It's more than just every line. Devel::Cover tests every line, every branch (if/else, etc.), and every conditional (A or B or C).
In my view it's great for reminding one to test edge cases. How often do we write something along the lines of:
some_function() or die;
my $variable ||= 42;
How many test suites actually test that the die happens, or test the case where the variable doesn't get set in advance? In using Devel::Cover just a little, I've been more thoughtful about where and how I sprinkle defensive logic and I've also made a point of testing to ensure the defenses actually hold in practice.
-xdg
postscript: my "test that die happens" comment is poorly phrased, probably a bad example, and justly critiqued below by belg4mit. As adrianh and stvn suggest, the coverage test is really testing the or part and whether some_function is falsifiable, not whether die works. If the code coverage tells us that the die phrase is never executed, it's a reminder that we're making an assumption (that some_function might return false), but not testing that assumption. In practice, the coverage test for some_function itself would probably show that there are untested failure cases that explain why some_function never returns false.

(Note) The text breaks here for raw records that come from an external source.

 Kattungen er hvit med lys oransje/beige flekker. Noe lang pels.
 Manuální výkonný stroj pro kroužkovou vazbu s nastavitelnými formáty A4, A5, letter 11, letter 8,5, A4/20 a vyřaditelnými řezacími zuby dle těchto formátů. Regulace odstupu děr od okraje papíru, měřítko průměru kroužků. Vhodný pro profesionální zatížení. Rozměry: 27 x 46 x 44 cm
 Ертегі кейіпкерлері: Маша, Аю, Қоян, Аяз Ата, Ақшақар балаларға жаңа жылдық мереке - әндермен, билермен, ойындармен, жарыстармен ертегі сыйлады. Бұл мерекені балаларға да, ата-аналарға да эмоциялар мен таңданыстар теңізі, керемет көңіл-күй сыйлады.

Code posted by xdg on PerlMonks is public domain. It has no warranties, express or implied. Posted code may not have been tested. Use at your own risk.

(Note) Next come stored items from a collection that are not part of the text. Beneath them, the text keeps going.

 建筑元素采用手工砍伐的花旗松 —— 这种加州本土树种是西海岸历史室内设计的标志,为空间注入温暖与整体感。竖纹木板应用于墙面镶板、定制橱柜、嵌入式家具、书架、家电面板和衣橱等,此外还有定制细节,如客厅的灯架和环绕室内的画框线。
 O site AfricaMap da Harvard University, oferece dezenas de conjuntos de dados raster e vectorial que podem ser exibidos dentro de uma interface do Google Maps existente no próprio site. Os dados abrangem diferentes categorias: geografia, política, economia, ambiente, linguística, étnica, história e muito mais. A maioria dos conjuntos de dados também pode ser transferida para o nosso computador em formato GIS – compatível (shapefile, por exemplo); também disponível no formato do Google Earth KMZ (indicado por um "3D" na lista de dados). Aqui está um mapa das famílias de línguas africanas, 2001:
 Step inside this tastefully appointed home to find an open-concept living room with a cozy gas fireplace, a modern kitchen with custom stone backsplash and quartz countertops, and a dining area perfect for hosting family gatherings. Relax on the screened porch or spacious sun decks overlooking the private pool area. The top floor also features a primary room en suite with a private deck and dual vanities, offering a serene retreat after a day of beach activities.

| [reply] [d/l] [select] |
That may just be a stupid example, but testing that die happens?! Why on Bob's less than green Earth would you
nay should you do that? Testing your code should not
ammount to testing the local perl installation.
--
I'm not belgian but I play one on TV.
| [reply] |
That may just be a stupid example, but testing that die happens?! Why on Bob's less than green Earth would you nay should you do that?

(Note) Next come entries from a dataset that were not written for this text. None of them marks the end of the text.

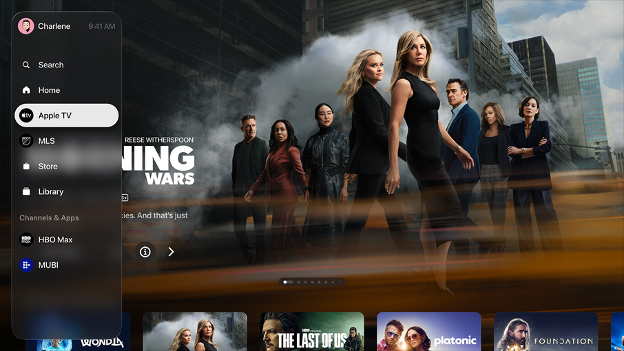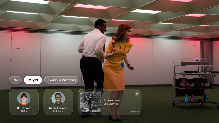 InSight. You can get information about Apple TV Original series and films as you watch them. Just bring up the media player controls to learn more about the actors on the screen and the music that’s playing. The details automatically update as the scene changes. And when you use iPhone as the Apple TV remote, InSight information appears in the palm of your hand.5
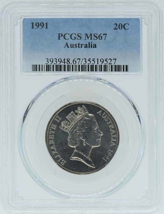 1991 Australian 20C PCGS Graded MS67
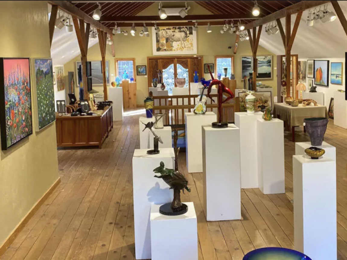Housed in a restored fruit barn built in 1918, the gallery presents monthly changing feature shows, along with general exhibits of work by over 150 artists. Paintings, sculpture, glass, clay, wood and jewelry are all represented.
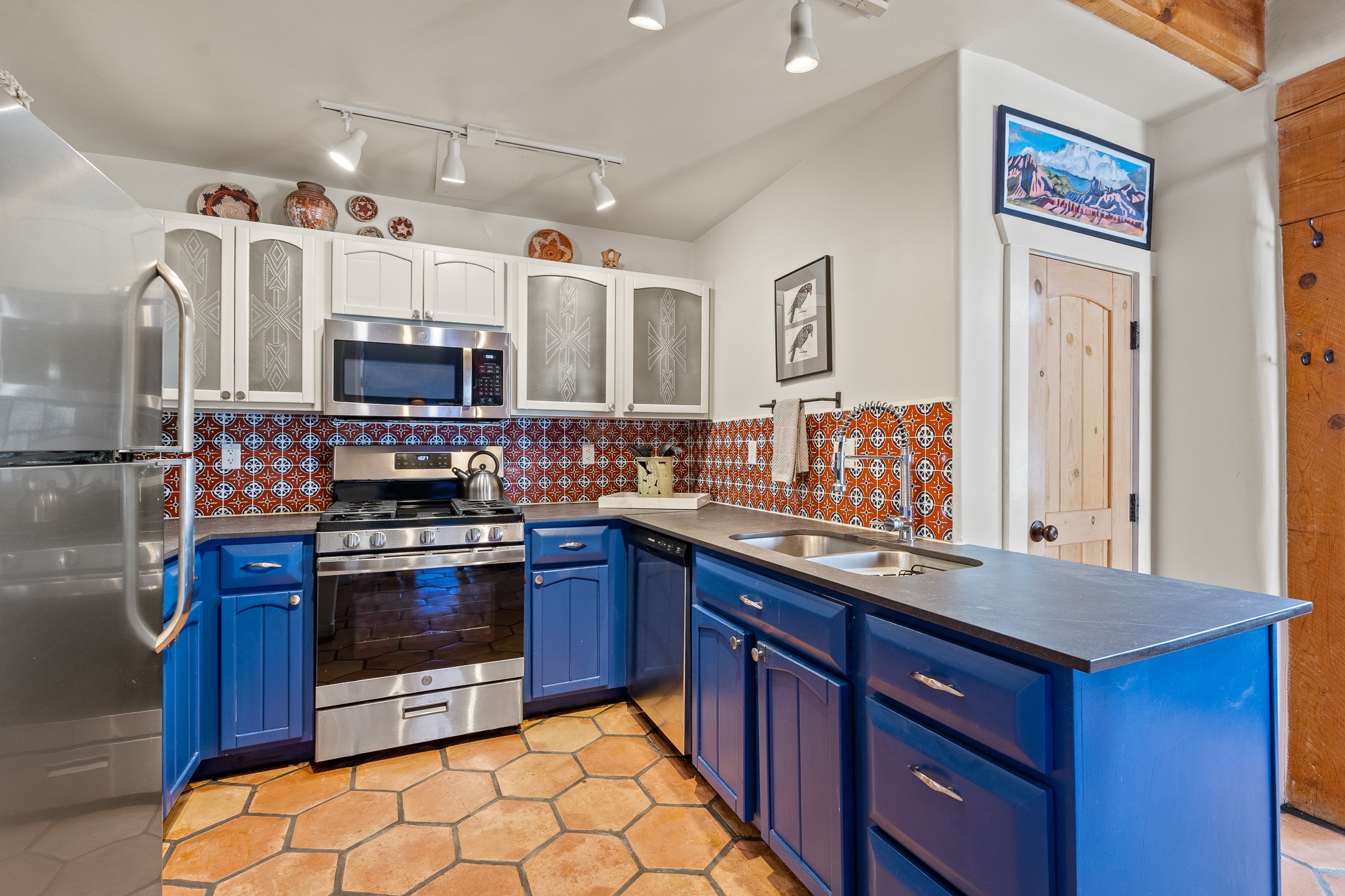 Tucked within the desirable Las Brisas community, 624 Galisteo Street, Unit 27 offers an exceptional opportunity to own a true lock-and-leave residence in the heart of Santa Fe. Just a short walk from the historic Santa Fe Plaza, this thoughtfully designed condominium places world-class dining, galleries, shopping, and cultural landmarks right at your doorstep, making it equally well suited as a primary residence, second home, or rental investment.The home blends classic Santa Fe character with comfortable functionality. Downstairs, the inviting living area is anchored by a cozy kiva fireplace--perfect for cool evenings and relaxed gatherings. The layout provides a natural flow between living, dining, and kitchen spaces, creating an atmosphere that feels warm and welcoming yet easy to maintain.Outdoor living is a highlight, with a private front courtyard ideal for morning coffee or evening dining, as well as a deck off the primary bedroom that provides a peaceful retreat above it all.With its prime walkable location, low-maintenance lifestyle, and strong rental appeal, this Las Brisas condominium captures the essence of Santa Fe living--charming, convenient, and endlessly enjoyable.
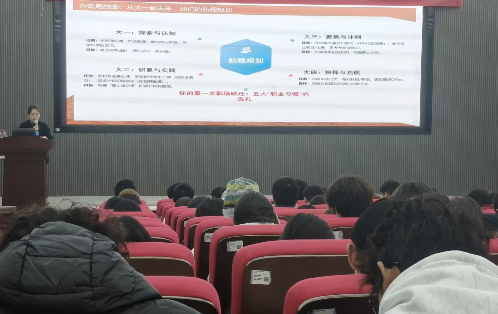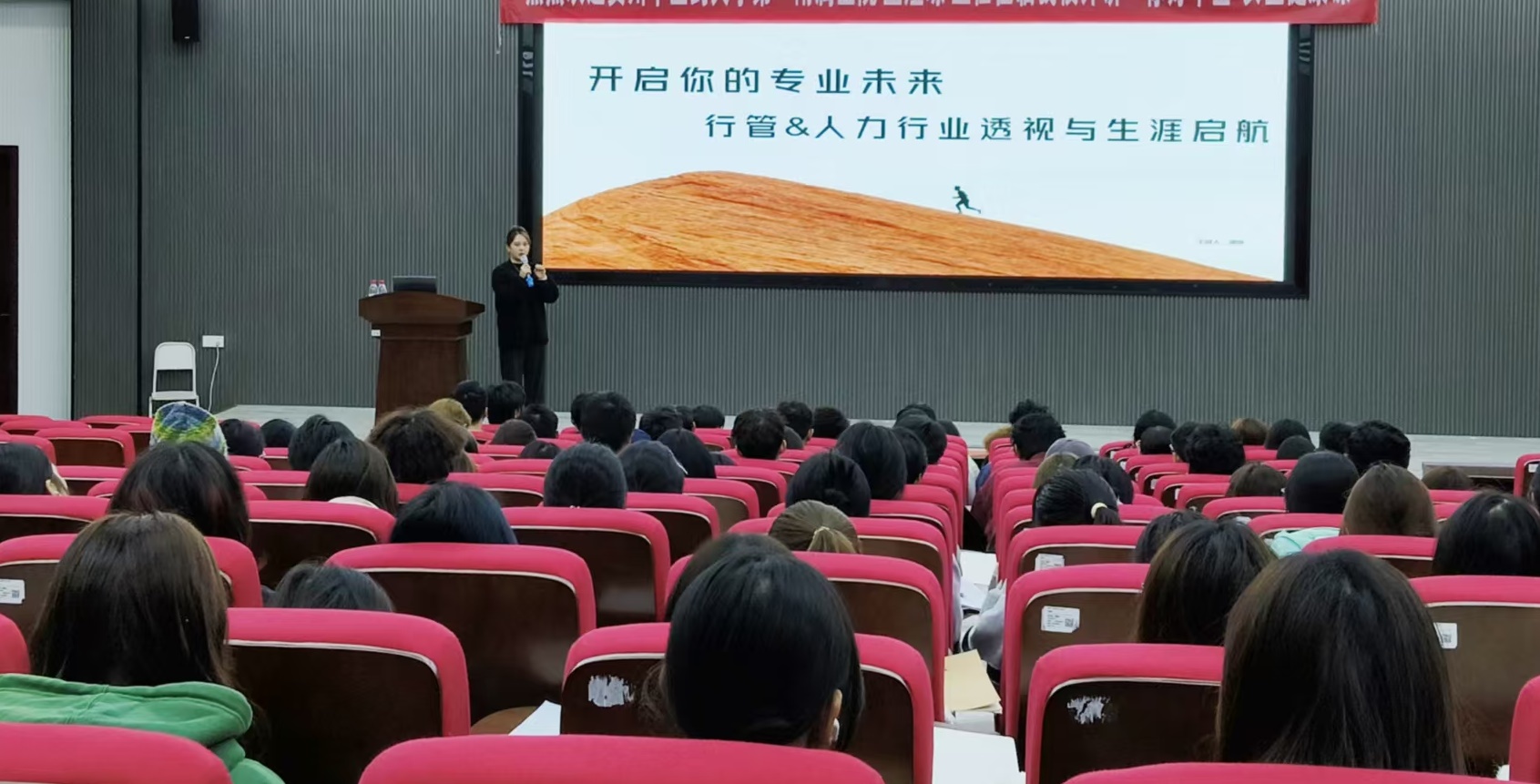 10月27日,学院特邀国家高级职业指导师谭栩老师为2025级行政管理和人力资源管理专业新生开展“开启你的专业未来—行管&人力行业透视与生涯启航”的专题讲座。

Because testing the case when some_function() returns false is useful. What should happen? Should the program exit? Should the exception be caught? Is a false return value even possible?
The whole reason I wrote Test::Exception was to make testing this sort of thing easier :-)
| [reply] |
That may just be a stupid example, but testing that die happens?! Why on Bob's less than green Earth would you nay should you do that? Testing your code should not ammount to testing the local perl installation.
I think you misunderstood. The idea is not to test that die happened, but to test that in certain exceptional circumstances, your code will die. The errors you throw/return/raise and the conditions that lead to that happening, are just as much a part of your code as the rest of it.
Not testing how your code handles an error, would be like an automaker just assuming the airbags, and crumple free zones work.